Provided material |
----

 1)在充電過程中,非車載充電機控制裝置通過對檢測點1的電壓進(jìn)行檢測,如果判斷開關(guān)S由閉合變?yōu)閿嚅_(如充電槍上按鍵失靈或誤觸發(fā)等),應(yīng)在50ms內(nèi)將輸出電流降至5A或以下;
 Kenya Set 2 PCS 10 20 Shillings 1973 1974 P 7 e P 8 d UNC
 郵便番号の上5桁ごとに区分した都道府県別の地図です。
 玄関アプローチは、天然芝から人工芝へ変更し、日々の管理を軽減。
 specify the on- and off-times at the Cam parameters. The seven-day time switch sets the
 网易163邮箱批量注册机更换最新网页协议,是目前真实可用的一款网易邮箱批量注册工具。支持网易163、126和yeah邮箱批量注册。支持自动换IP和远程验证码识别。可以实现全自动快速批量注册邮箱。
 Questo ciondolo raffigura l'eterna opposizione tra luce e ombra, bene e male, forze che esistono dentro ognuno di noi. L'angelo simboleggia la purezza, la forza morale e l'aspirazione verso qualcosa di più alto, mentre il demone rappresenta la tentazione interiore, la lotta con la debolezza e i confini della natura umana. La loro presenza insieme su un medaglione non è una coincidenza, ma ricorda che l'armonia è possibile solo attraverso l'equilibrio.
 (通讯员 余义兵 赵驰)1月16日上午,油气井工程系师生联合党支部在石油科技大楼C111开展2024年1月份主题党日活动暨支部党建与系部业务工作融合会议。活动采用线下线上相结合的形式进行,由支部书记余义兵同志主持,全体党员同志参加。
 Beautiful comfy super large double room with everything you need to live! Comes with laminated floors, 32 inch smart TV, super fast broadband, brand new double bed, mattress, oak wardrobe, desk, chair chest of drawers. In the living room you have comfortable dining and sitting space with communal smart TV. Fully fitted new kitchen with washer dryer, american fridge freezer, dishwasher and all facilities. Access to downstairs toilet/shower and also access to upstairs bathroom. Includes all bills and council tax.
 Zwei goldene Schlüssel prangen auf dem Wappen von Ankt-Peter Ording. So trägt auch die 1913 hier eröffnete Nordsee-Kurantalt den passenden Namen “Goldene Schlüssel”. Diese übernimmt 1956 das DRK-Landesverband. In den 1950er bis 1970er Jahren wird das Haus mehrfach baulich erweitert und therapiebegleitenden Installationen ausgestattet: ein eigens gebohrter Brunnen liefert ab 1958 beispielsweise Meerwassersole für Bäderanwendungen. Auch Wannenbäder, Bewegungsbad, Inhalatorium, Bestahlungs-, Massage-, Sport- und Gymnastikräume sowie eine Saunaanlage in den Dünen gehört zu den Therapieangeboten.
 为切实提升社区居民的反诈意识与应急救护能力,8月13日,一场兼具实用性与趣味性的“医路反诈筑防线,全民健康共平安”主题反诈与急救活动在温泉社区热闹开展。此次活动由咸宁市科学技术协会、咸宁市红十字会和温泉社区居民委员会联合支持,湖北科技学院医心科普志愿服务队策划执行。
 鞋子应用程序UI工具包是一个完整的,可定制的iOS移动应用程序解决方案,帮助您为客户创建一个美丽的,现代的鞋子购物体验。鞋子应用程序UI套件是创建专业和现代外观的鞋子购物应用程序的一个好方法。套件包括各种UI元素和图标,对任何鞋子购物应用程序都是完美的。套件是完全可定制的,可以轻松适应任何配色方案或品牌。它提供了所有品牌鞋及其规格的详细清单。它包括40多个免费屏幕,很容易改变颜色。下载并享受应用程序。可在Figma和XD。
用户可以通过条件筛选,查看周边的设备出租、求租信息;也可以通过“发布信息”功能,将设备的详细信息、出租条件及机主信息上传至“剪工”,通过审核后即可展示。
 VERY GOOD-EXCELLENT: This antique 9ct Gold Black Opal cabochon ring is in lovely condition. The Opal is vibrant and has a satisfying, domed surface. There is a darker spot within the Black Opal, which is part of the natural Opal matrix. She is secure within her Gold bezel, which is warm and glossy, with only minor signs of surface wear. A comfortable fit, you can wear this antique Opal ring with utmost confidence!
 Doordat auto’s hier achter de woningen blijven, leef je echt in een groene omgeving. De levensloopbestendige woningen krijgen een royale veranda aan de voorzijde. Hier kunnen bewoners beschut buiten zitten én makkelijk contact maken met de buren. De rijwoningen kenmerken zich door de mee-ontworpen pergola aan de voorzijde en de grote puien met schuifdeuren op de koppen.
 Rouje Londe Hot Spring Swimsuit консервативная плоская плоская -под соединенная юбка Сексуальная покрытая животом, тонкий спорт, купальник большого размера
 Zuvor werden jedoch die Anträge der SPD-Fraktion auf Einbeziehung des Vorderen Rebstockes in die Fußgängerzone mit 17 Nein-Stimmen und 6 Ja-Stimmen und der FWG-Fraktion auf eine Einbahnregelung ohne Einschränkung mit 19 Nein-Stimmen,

----

Exercise | Write down, word for word, the lines above from the one containing "VERY GOOD-EXCELLENT: This" through the one containing "Rouje Londe Hot", both ends included.

Your solution |
 VERY GOOD-EXCELLENT: This antique 9ct Gold Black Opal cabochon ring is in lovely condition. The Opal is vibrant and has a satisfying, domed surface. There is a darker spot within the Black Opal, which is part of the natural Opal matrix. She is secure within her Gold bezel, which is warm and glossy, with only minor signs of surface wear. A comfortable fit, you can wear this antique Opal ring with utmost confidence!
 Doordat auto’s hier achter de woningen blijven, leef je echt in een groene omgeving. De levensloopbestendige woningen krijgen een royale veranda aan de voorzijde. Hier kunnen bewoners beschut buiten zitten én makkelijk contact maken met de buren. De rijwoningen kenmerken zich door de mee-ontworpen pergola aan de voorzijde en de grote puien met schuifdeuren op de koppen.
 Rouje Londe Hot Spring Swimsuit консервативная плоская плоская -под соединенная юбка Сексуальная покрытая животом, тонкий спорт, купальник большого размера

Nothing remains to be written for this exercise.